Pour finaliser la transaction actuelle avec la société roumaine Nuclearelectrica, un avis de non-objection a dû être obtenu auprès des interlocuteurs russes. En échange de leur accord pour débloquer le stock, ces derniers auraient exigé un pourcentage direct sur le montant de la nouvelle vente, prélevant ainsi une redevance qui diminue davantage le montant net revenant théoriquement aux caisses publiques du Niger.

Le cadre réglementaire européen et les instances de contrôle

La concrétisation de cet achat par SN Nuclearelectrica soulève d’importantes questions juridiques au niveau européen. La Roumanie étant un État membre de l’Union européenne, ses approvisionnements en matières nucléaires sont soumis à des mécanismes de contrôle particulièrement stricts.

Deux organismes principaux encadrent ces mouvements au sein de l’Union européenne. L’Agence pour l’Énergie Nucléaire veille au respect des normes de sécurité et de transparence sur la chaîne d’approvisionnement. Parallèlement, l’Agence d’approvisionnement d’Euratom doit impérativement valider tout contrat de fourniture de matières nucléaires, disposant d’un droit d’option et surveillant la traçabilité des transactions afin de prévenir le blanchiment et les distorsions de marché.

Il reste à déterminer si une transaction réglée en espèces et issue d’un circuit non conventionnel peut recevoir le feu vert de l’Agence d’approvisionnement d’Euratom. Si l’opération venait à enfreindre les directives européennes sur la transparence financière et le contrôle des matières fissiles, l’acheteur roumain s’exposerait à de lourdes sanctions réglementaires.

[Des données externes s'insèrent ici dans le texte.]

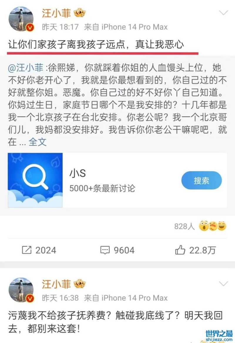 对小S的怨气实在太深,汪小菲连她家小孩一并吐槽,称都让他恶心。还让小S家的孩子,离他的孩子远点。不管大人之间有什么恩怨,拿孩子出气,真的没必要。别的不说,汪小菲责怪小S孩子的事情,受到了一些网友的指责。

Une clarification essentielle pour l’avenir minier

Il est important de distinguer clairement ce stock de 300 tonnes des autres litiges internationaux en cours. Le groupe français Orano a déjà confirmé que ce tonnage précis relevait strictement de la quote-part attribuée à la SOPAMIN, le séparant nettement des volumes faisant l’objet de procédures d’arbitrage devant le Centre international pour le règlement des différends relatifs aux investissements.

La propriété de la SOPAMIN sur ces 300 tonnes n’est donc pas contestée sur le plan du droit minier. C’est bien la gestion opérationnelle et financière de cet actif national qui pose problème. Alors que le discours officiel met en avant la reconquête de la souveraineté économique et la réappropriation des ressources naturelles, la conduite de cette transaction en dehors des mécanismes de contrôle nationaux et internationaux crée un paradoxe évident. La souveraineté financière implique la reddition de comptes et la protection des actifs nationaux contre les bradages et les prélèvements d’intermédiaires étrangers. Les citoyens et les observateurs économiques restent dans l’attente de clarifications officielles et de pièces justificatives attestant du réinvestissement réel de ces fonds dans le Trésor public.